With the new hire of Coach Jermey Kipp and turn over with majority of the coaching staff, it has left me uncertain in my college selection. He seems like a very good hire for USC and I’m sure they will have much success.
Over the last few years since my commitment, my swim career has reached new heights that I never imagined possible. I am so grateful for all the loyalty that USC has shown me, but I am not the same person that I was at 16. I feel that it is now my responsibility to show the same amount of respect towards USC that it has given me the past few years and decline my scholarship offer. I hope USC can take my scholarship and put it towards an athlete that will bring great success to the program.
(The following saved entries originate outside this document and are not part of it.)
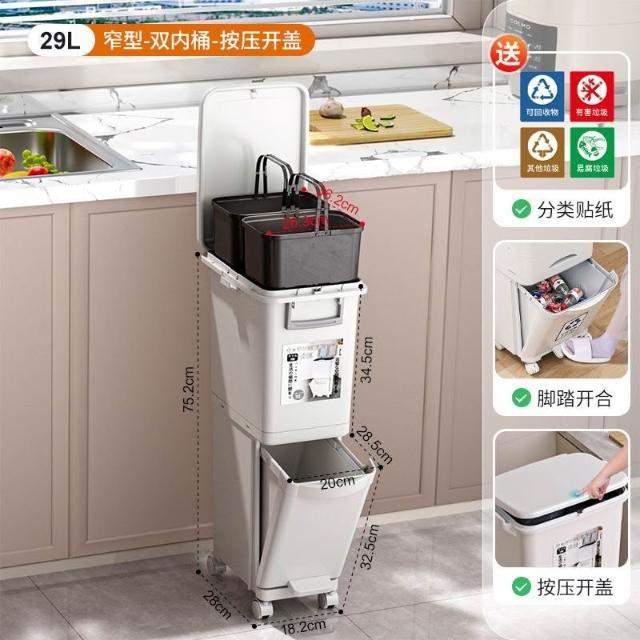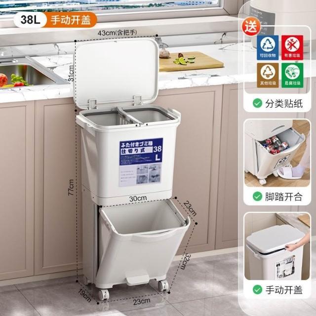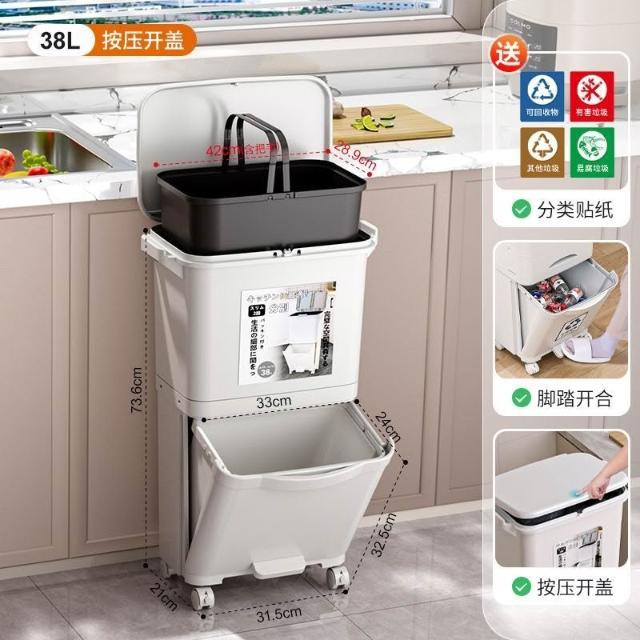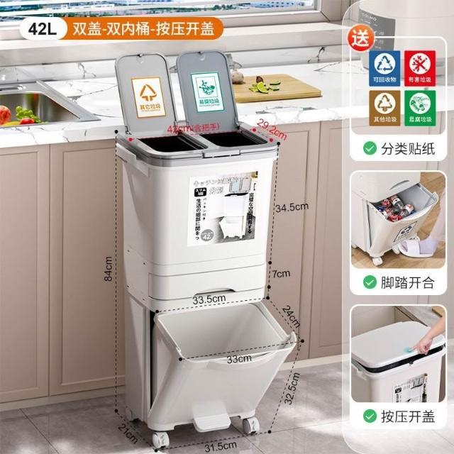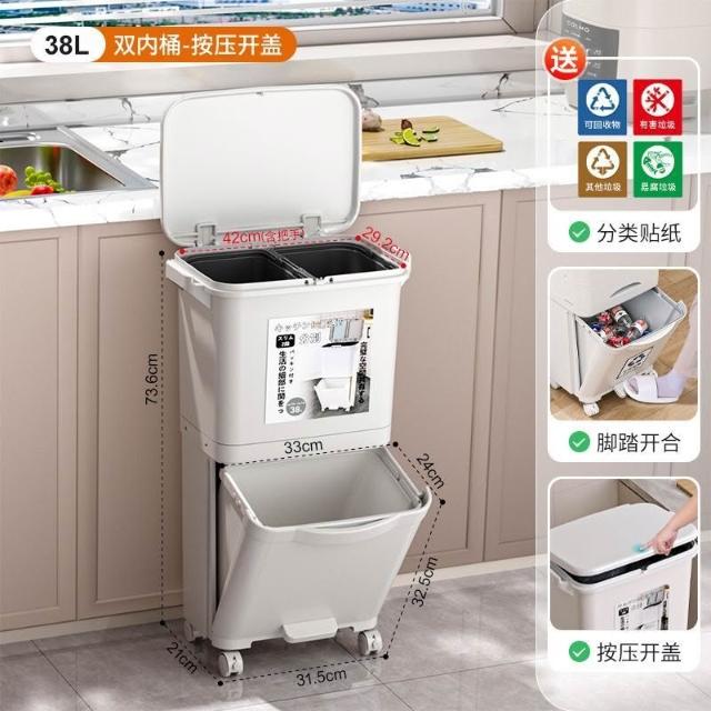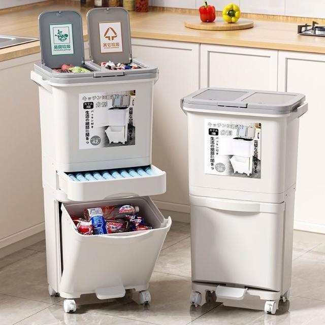 廚房垃圾桶家用帶蓋日式大容量雙層幹濕分離分類三層翻蓋大號立式
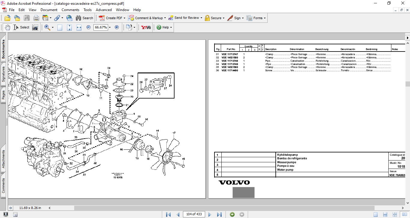Parts catalog for Volvo EC27C excavator, detailing components and specifications for maintenance and repairVolvo EC27C Excavator Parts Catalog
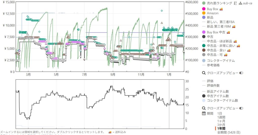 中古相場が定価に近い場合でも、ランキング波形がコンスタントに動いていれば、市場には十分な買い手がいます。Amazon本体が不在(オレンジ網掛けなし)であれば、中古出品者が相場に合わせた適正な値付けを行いやすくなります。
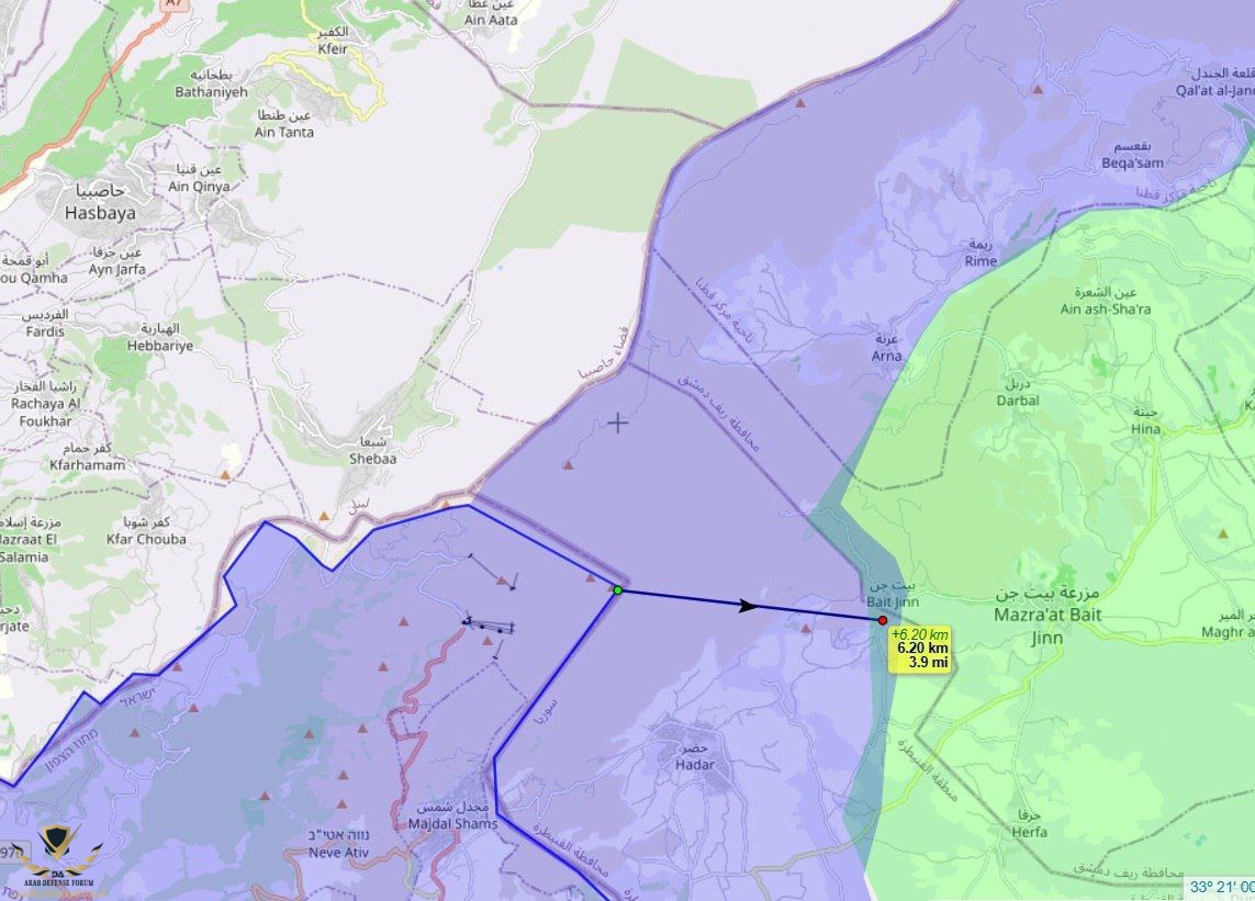 هذه خريطة يظهر فيها قرية بيت جن جنوب سوريا، وقد وسّعت إسرائيل منطقة سيطرتنا هناك لتشمل بيت جن، التي يجب إبعادها عن أراضينا (التوسعة الجديدة - باللون الأزرق).لشهور، حذّرنا من وجوب إبعاد رعايا العدو عن أراضينا باستثناء الدروز، والتلميح يكفي للعاقل، لكن قيادة الأركان العامة لا تفهم إلا القرمزة. لذا ستفعلون ذلك الآن، وعلى وزير الدفاع أن يتجاهل قيادة الأركان أكثر
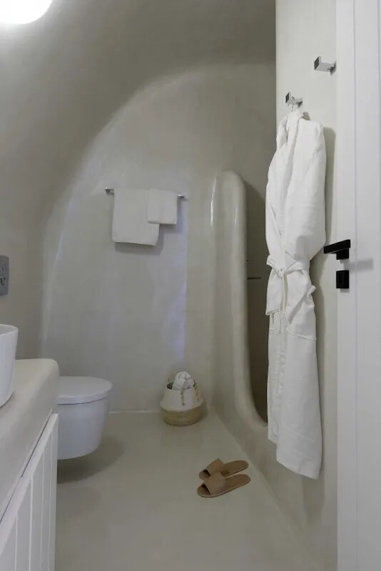 This stunning cave house for sale in Imerovigli, Santorini maintains its classic charm with curved walls and built-in furnishings that reflect Cycladic aesthetics. The open-plan living room and kitchen offer a bright and airy atmosphere, while the bedrooms provide cozy retreats designed for rest and relaxation.
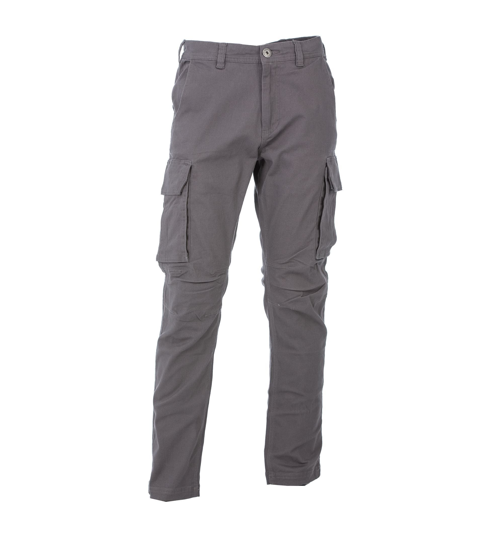Pantalone multitasche elasticizzato 98% cotone – 2% elastan. Tessuto prelavato. Elastici in vita sui fianchi. Due tasche anteriori e due tasche laterali con bottoni.
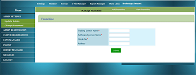 Franchise management ( Add franchise , view franchise)
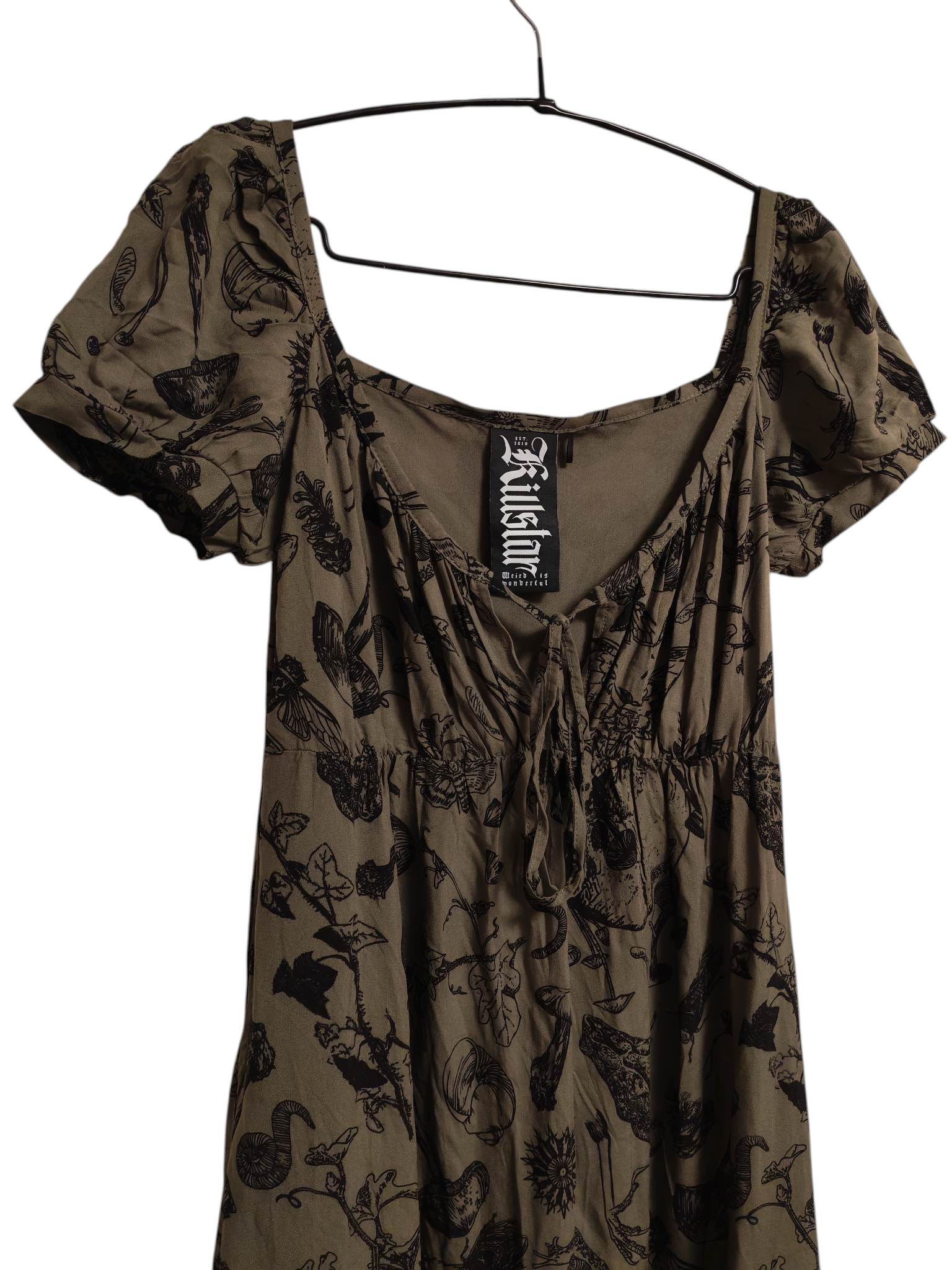Killstar vihreä maximekko mustilla kuvioinneilla
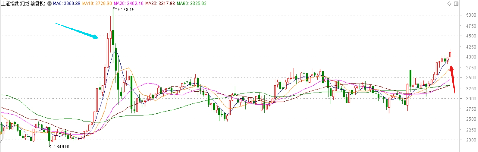 我再把上证指数月线图放上来。红色箭头就是当前位置。说白了就很简单了:此时此刻,多头看涨其实就是等待指数冲击蓝色区域还可以有接盘侠。而空头做的是:大概率站不住,落袋为安!因此,这里的成交肯定很活跃,能否分出胜负并不容易。
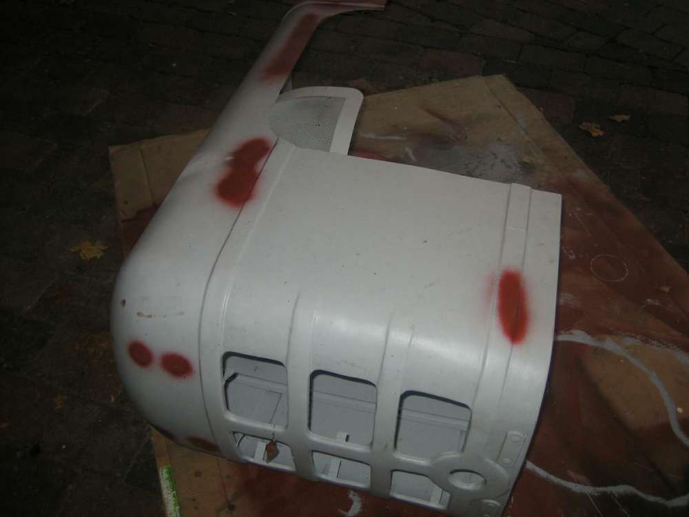 Bei der Haube fehlten noch die Halterungen. Die wurden mal entfernt um diese komischen Motorsportteile anzubauen.
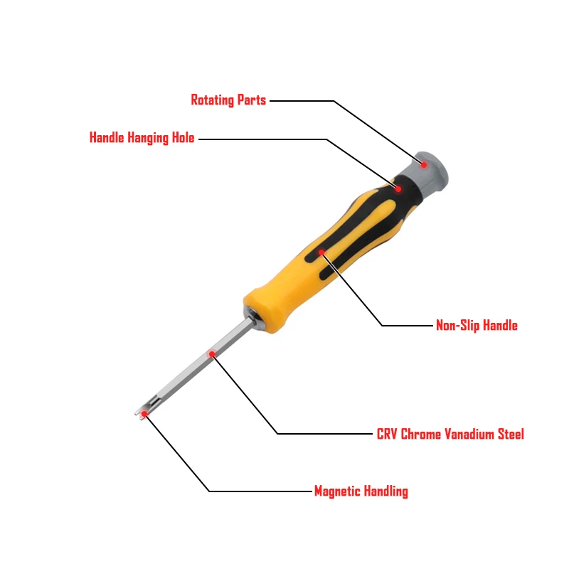Особенности:Отвертка из хромированной ванадиевой стали CR-V, ручка изготовлена из материала защиты окружающей среды PP, а стержень отвертки магнитный, который может поглощать винты.Тип бит: y-образный, t-образный, u-образный, в форме звезды, в форме Креста, прямой (Применимо к: цвету сливы, треугольнику, кресту, y-образной форме, пятиугольные, u-образные и плоские винты)Область применения: подходит для всех видов небольших и средних электроприборов и ремонта бытовой техники. Это незаменимый маленький инструмент для повседневной жизни.Его можно использовать для ремонта компьютеров, ремонтных выключателей, ремонта цифровых приборов, печатных плат, небольших бытовых приборов и других операций.
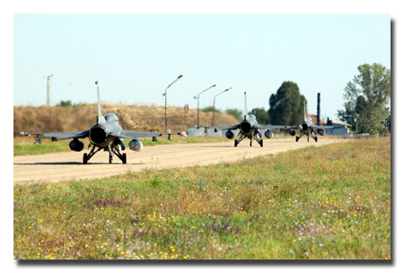 Three F-16 Fighting Falcons taxi for takeoff before the last sortie flown at Mihail Kogalniceanu Air Base, Romania, during Exercise Viper Lance 2006. We got a video as well. U.S. Air Force photo/Senior Airman Eydie Sakura.
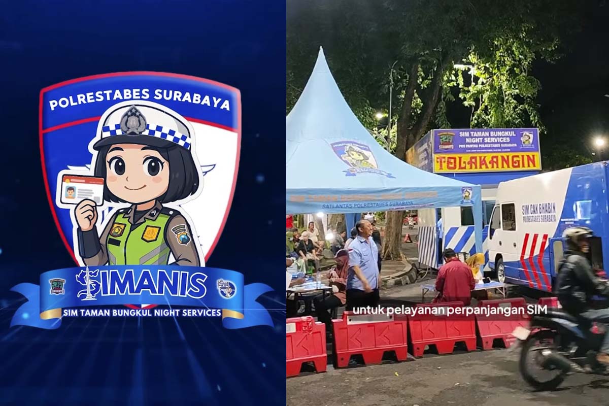 SIMANIS merupakan layanan perpanjangan SIM malam hari buka dua kali dalam seminggu di Taman Bungkul Kota Surabaya khusus perpanjangan SIM A dan C saja.

All I can leave you with is you never really know what life could throw at you, but accept it with open arms and enjoy the journey. I am very excited to see what I can do and where I will be in the next few years. With love, Erica Sullivan“
“Normally I would be okay with going to school and trusting the staff to give me the training I need, but since I am still in the dark about who my coach will be at USC, I don’t want to put anything in stone,” Sullivan wrote in a message at the time. “I’m probably gonna wait until they announce who the coach is and then make some decisions. I wish I could you that I’m leaning in a certain direction, but I’m really not. Definitely have some big decisions to make when news is announced.”
Following Kipp’s hire, USC associate head coach and 2021 U.S. Olympic Team open water head coach Catherine Kase told SwimSwam that she moved to Boise for her husband’s work. Kase was a draw to USC for Sullivan, who finished third among Americans in the open water 10K at 2019 Nationals — a spot away from making the 2019 FINA World Championships team.
Recently, Sullivan has surged in the pool, putting her squarely in the running for a berth in the 1500 when it makes its Olympic debut next year.
She owns a 15:55.25 lifetime best from June 2019 (one of three U.S. women under 16 minutes in the last two seasons) and her 16:01.71 from the Knoxville Pro Swim Series stops in January makes her the second-fastest American this season behind only Katie Ledecky. The Knoxville swim leaves her nearly 10 seconds ahead of No. 3-ranked Ashley Twichell.
As for NCAA potential, Sullivan would be a huge “get” for any NCAA program – we ranked her No. 5 in the high school class of 2018. Her 15:23.81 1650 from December would have been the fastest in college swimming this season by about 20 seconds (and is the second-fastest 1650 ever), and her 4:37.95 lifetime best in the 500 would be a near-lock for the A-final at NCAAs.